*Task*: Could you retype the lines below, starting at the line holding "200包●販売名: ハクゾウアルコールパッド●薬事表示番号: 医療機器承認番号30400DZX01433000" and stopping at the line holding "Beskrivelse: Ejvind Sørensen;", inclusive? Copy them exactly and drop the images.

*Information given*:

..........

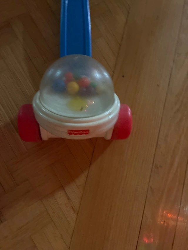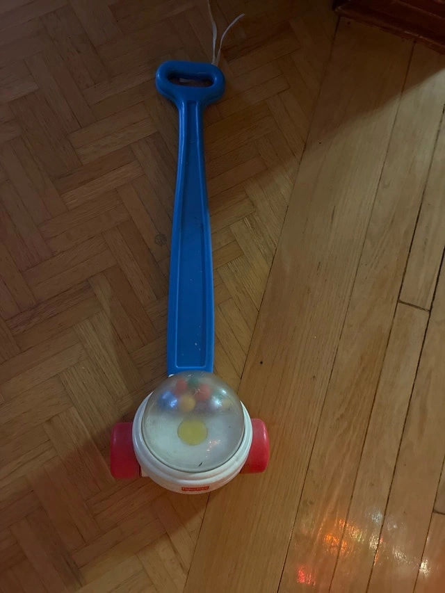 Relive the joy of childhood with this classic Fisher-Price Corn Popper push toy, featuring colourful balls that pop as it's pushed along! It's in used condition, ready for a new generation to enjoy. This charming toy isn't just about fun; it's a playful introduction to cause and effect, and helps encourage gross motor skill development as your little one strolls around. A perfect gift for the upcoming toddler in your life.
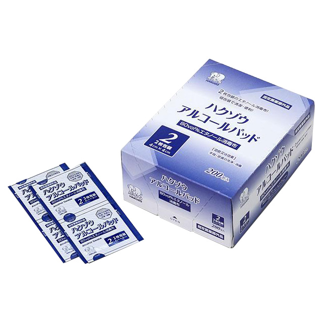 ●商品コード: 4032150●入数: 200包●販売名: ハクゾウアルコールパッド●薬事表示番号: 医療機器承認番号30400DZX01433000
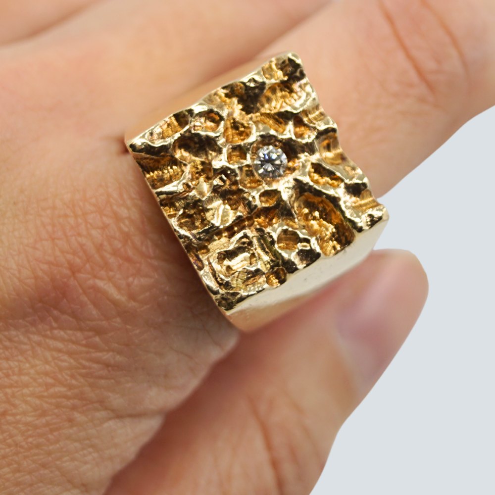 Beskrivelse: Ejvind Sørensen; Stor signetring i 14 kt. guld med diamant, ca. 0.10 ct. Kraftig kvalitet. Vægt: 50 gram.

..........

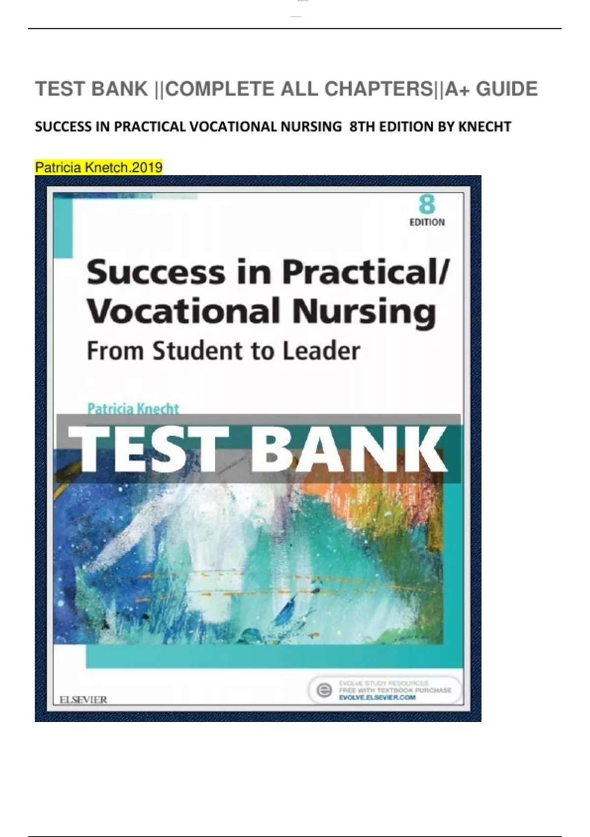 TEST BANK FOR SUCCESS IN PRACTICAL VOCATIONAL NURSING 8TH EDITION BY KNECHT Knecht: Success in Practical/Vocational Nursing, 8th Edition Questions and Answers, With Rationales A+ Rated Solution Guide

..........

*Task answer*:
 ●商品コード: 4032150●入数: 200包●販売名: ハクゾウアルコールパッド●薬事表示番号: 医療機器承認番号30400DZX01433000
 Beskrivelse: Ejvind Sørensen; Stor signetring i 14 kt. guld med diamant, ca. 0.10 ct. Kraftig kvalitet. Vægt: 50 gram.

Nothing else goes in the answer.